Frank began competing on the junior international level in 2004 and made her senior international debut in spring 2006; she would appear on both levels that year and 2007. Her best result at an ISU Junior Grand Prix event was seventh at the 2006 JGP in Courchevel, France. She was selected to represent Austria at the 2007 World Junior Championships in Oberstdorf and finished 23rd.
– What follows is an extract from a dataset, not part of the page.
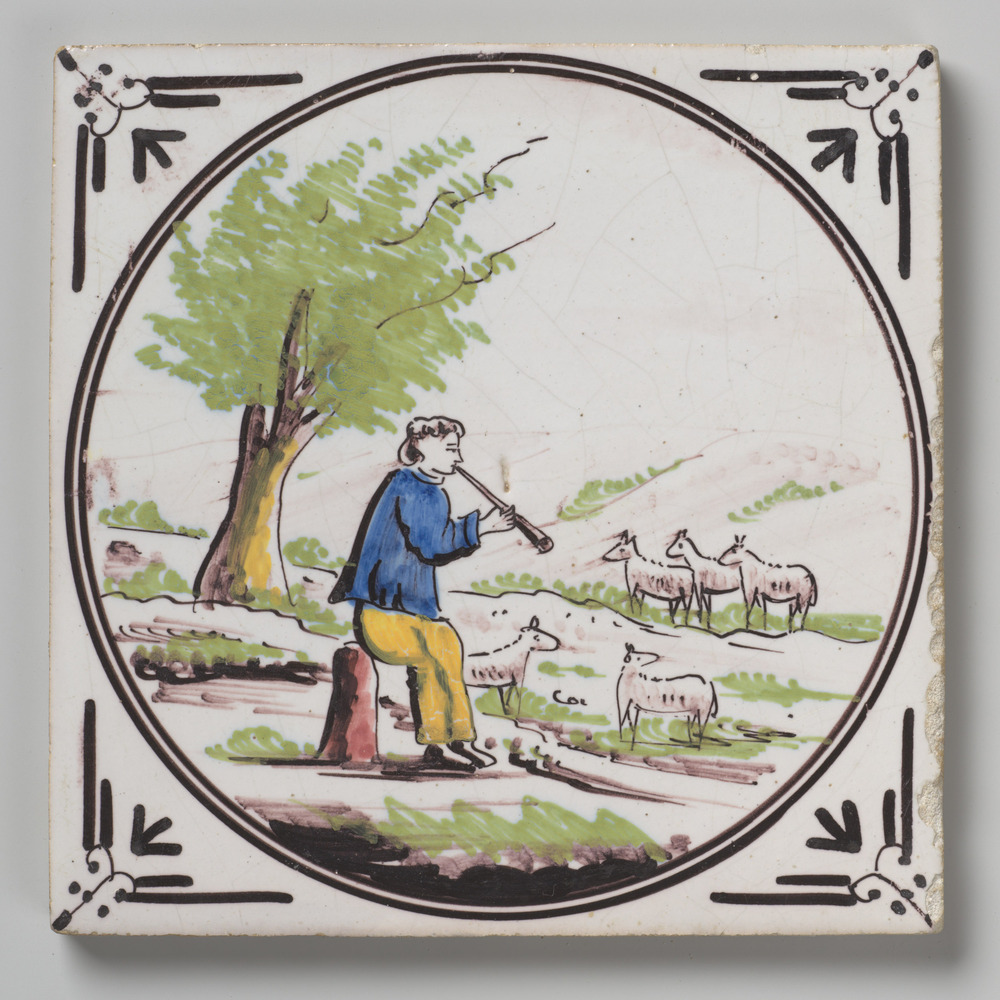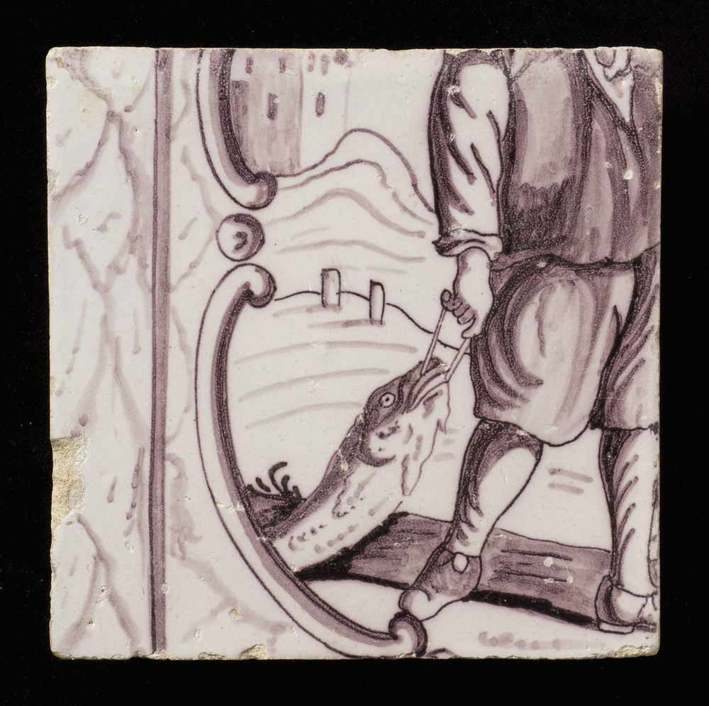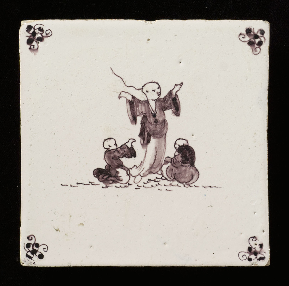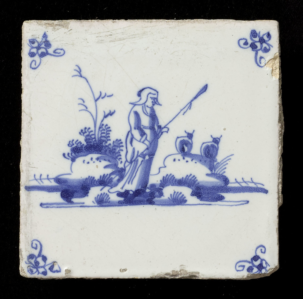 Tegel van keramiek, tinglazuur, gevlamd ca. 1660-1700
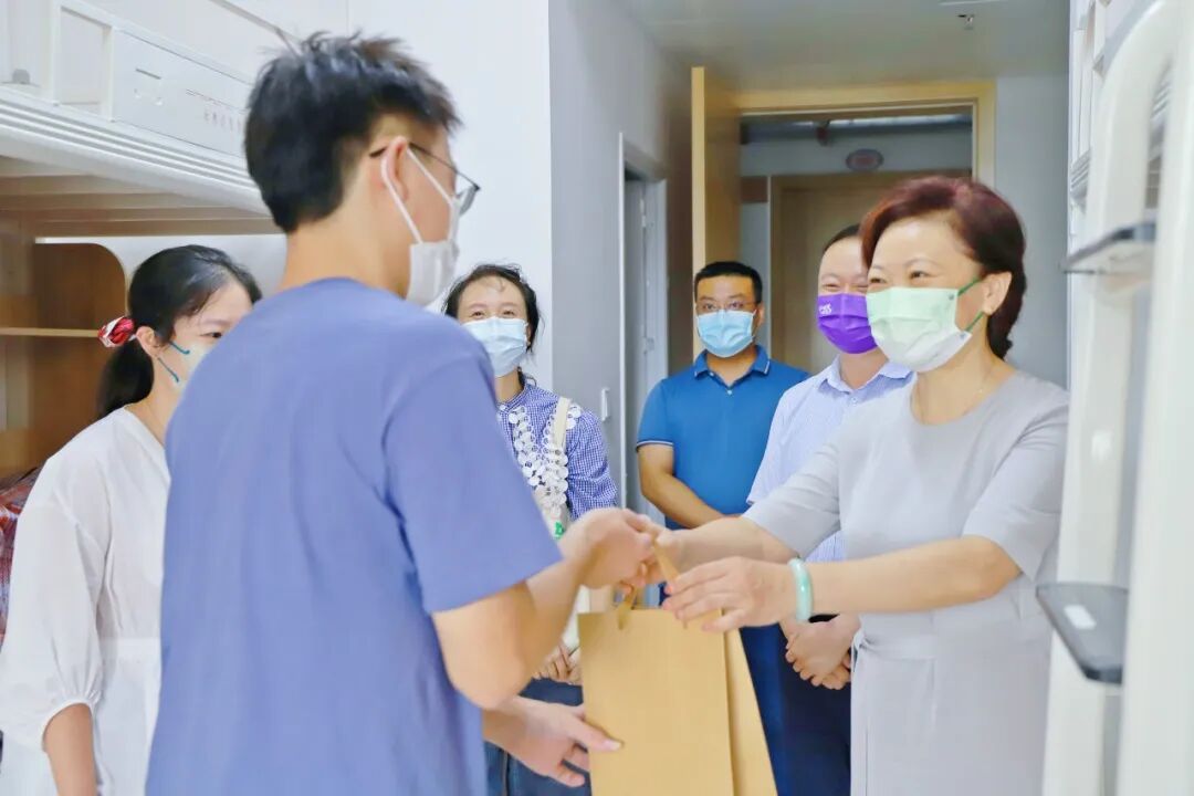 9月9日,中秋节、第38个教师节前夕,学校党委书记、政府督导专员高华锦,党委副书记、常务副校长童精明,副校长杨莉,党委副书记、副校长王亚军,副校长陈刚,校长助理张昊深入基层和学生寝室,看望慰问在岗的教职员工和留校学生。

In the 2008–09 season, Frank won the silver medal at the Austrian Championships and was assigned to her first senior ISU Championships. Reaching the free skate at both events, she placed 20th at the 2009 European Championships in Helsinki and 23rd at the 2009 World Championships in Los Angeles.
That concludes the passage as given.